Create the OAuth client

  1. Open the Google Cloud Console — Credentials
  2. Create credentials → OAuth client ID
  3. Application type: Web application
  4. Authorised redirect URIs: add ${FRONTEND_URL}/auth/callback for every environment you plan to deploy. Examples:
    • http://localhost:12000/auth/callback (dev)
    • https://mangacollector.example.com/auth/callback (prod)
  5. Create. Copy the client ID and the client secret.

Configure the backend

AUTH_MODE=google
AUTH_CLIENT_ID=<from-google-console>
AUTH_CLIENT_SECRET=<from-google-console>
AUTH_NAME=Google
AUTH_ICON=google
SESSION_SECRET=<openssl rand -base64 48>
FRONTEND_URL=https://mangacollector.example.com

That's it. Restart the backend and you can sign in.

Restricting which Google accounts can sign in

Out of the box the backend accepts any successful Google sign-in — anyone with a Gmail account can create a profile. Two ways to lock that down:

  • Hosted-domain restriction — for Google Workspace tenants, set up the consent screen as Internal instead of External. Google then refuses sign-ins from outside your domain at the provider level.
  • External access list — a database-level allowlist isn't shipped today; for personal deployments, restricting OAuth credentials to your own Google account during creation is sufficient.

OpenID Connect (any IdP)

Works with any provider that exposes /.well-known/openid-configuration with an OIDC-compliant document.

Configure on the IdP side

The exact UI varies by provider, but you'll always end up with:

  • a Client ID + Client Secret
  • a list of allowed redirect URIs — add ${FRONTEND_URL}/auth/callback
  • the issuer URL (your IdP's base URL where it serves /.well-known/openid-configuration)

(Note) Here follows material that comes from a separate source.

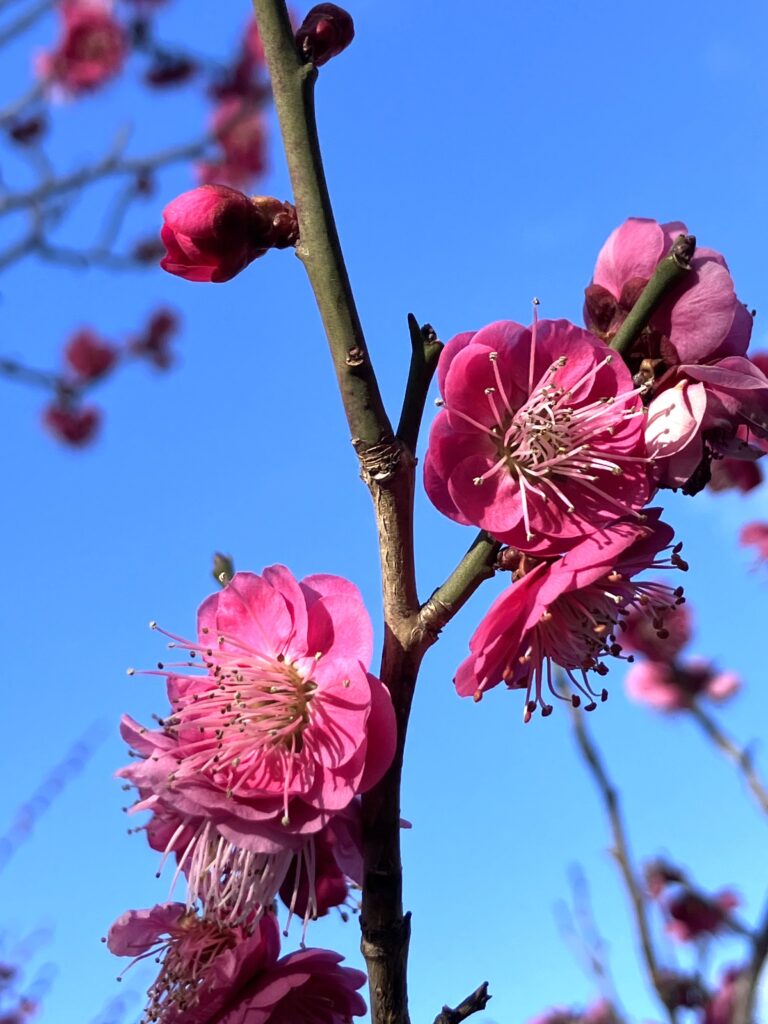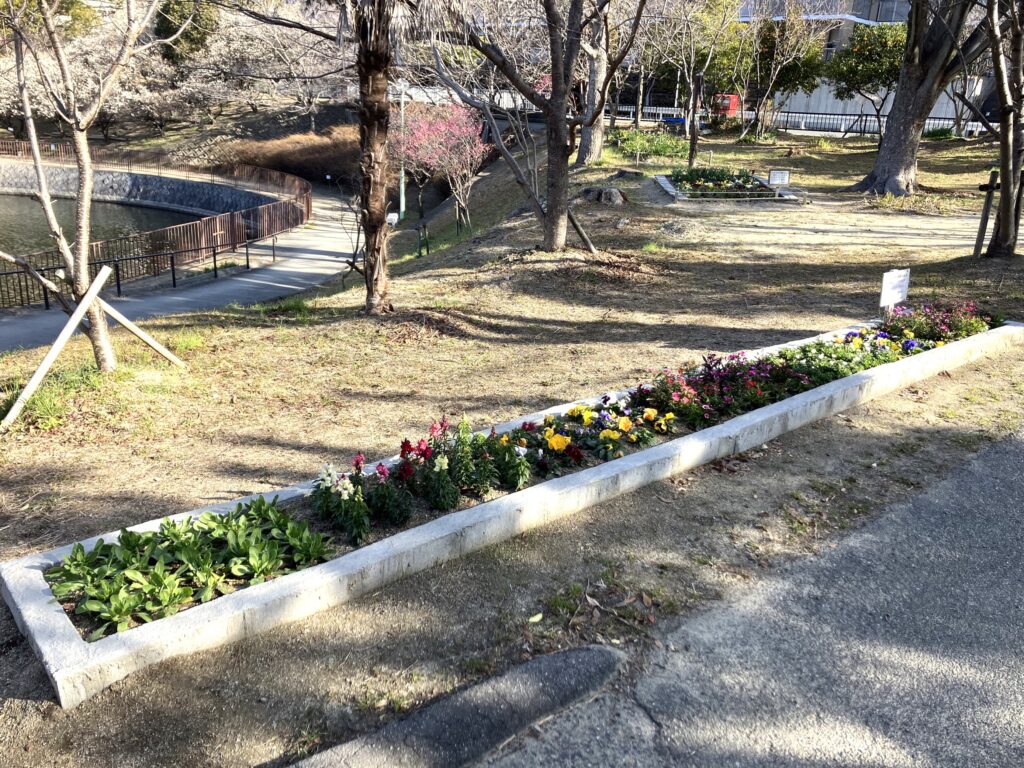 以前南東側の白梅を紹介しましたが、他にも紅梅(一部蕾もありますが)や水仙が綺麗な花弁を咲かせています。また、南出入口の付近には公園ボランティアの方に植えていただいた花が綺麗に咲いています。桃山公園へお越しの際は、散策しながら綺麗に咲いている花々を鑑賞してみてはいかがですか。

The required scopes are openid email profile. The backend doesn't request custom scopes.

Configure the backend

AUTH_MODE=openidconnect
AUTH_ISSUER=https://idp.example.com
AUTH_CLIENT_ID=<from-idp>
AUTH_CLIENT_SECRET=<from-idp>
AUTH_NAME="My SSO"
AUTH_ICON=https://idp.example.com/logo.svg
SESSION_SECRET=<openssl rand -base64 48>
FRONTEND_URL=https://mangacollector.example.com

Tested IdPs

These have been verified end-to-end:

  • Defguard (the dev compose example uses this)
  • Authentik
  • Keycloak (≥ 21)
  • Auth0

If your IdP exposes the discovery document at a non-standard path, set AUTH_ISSUER_BASE_PATH to the prefix that gets appended after the issuer host. Example for Defguard:

AUTH_ISSUER=https://idp.example.com
AUTH_ISSUER_BASE_PATH=/api/v1/oauth/

The backend will fetch https://idp.example.com/api/v1/oauth/.well-known/openid-configuration instead of the default location.

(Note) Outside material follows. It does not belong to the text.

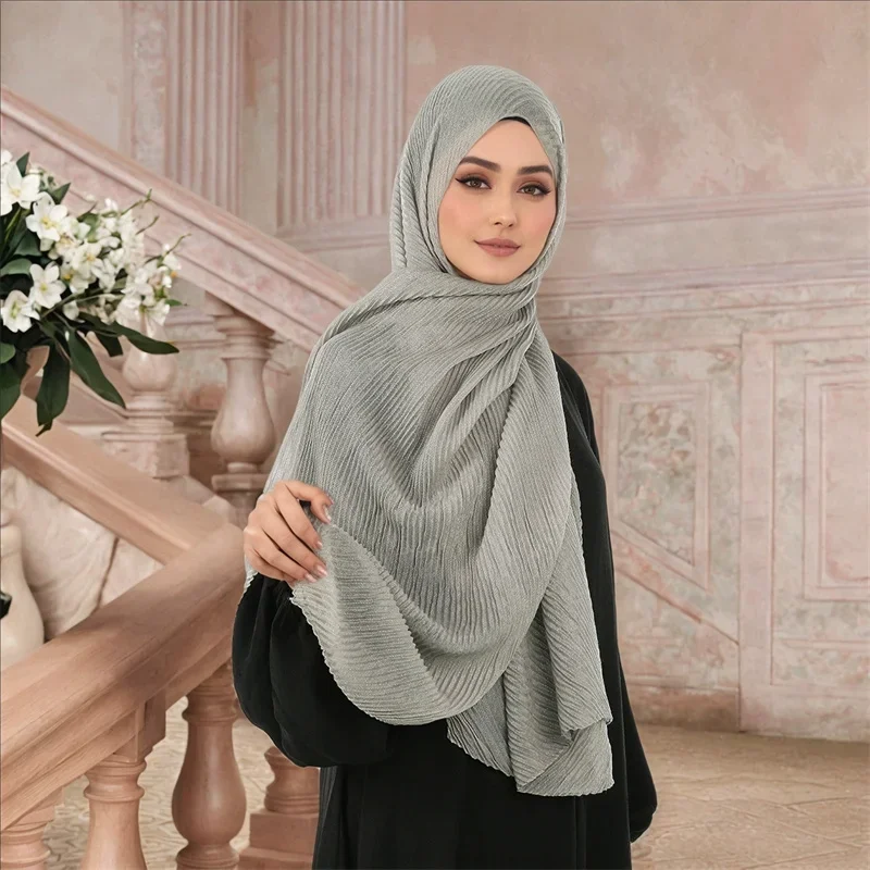 Plain Falten Lurex Glitter Schimmer Viskose Hijab Schals Schal Soli...

Customising the sign-in button

AUTH_NAME and AUTH_ICON control the button shown on /log-in:

AUTH_NAME="Acme SSO"
AUTH_ICON=https://acme.example.com/sso.svg

AUTH_ICON accepts the literal value google (built-in glyph) or any URL pointing to a PNG / SVG.


Sessions

Sessions are persisted in Postgres (sessions table). Cookies are:

  • HttpOnly (no JS access)
  • SameSite=Lax (mitigates CSRF for cross-site GETs)
  • Secure (only when FRONTEND_URL starts with https://)
  • 14-day rolling lifetime — every authenticated request bumps the expiry

Active sessions UI

The profile-button dropdown exposes Active sessions — opens a modal listing every device currently signed in (UA-based icon, IP address, last seen). The user can revoke any session from there; the affected device is forced to re-sign-in on its next request.

Forced sign-out

A user can be force-signed-out everywhere by deleting their rows from the sessions table:

DELETE FROM sessions WHERE user_id = (SELECT id FROM users WHERE email = '...');

The next request from any of their tabs receives a 401, and the frontend redirects to /log-in.


Troubleshooting

Symptom Likely cause
OAuth callback returns 400 redirect_uri_mismatch The redirect URI in your IdP doesn't match ${FRONTEND_URL}/auth/callback exactly — including scheme and trailing slash.
Sign-in succeeds but you land back on /log-in Check Set-Cookie is actually being set. In production this requires https:// for Secure cookies; with HTTP, set FRONTEND_URL=http://... and the cookie will drop the Secure flag.
Failed to fetch OIDC discovery document in logs AUTH_ISSUER (+ optional AUTH_ISSUER_BASE_PATH) doesn't resolve to a /.well-known/openid-configuration. Try opening it in your browser.
invalid_client from the IdP Client ID or secret is wrong, or the client is configured for a different redirect_uri.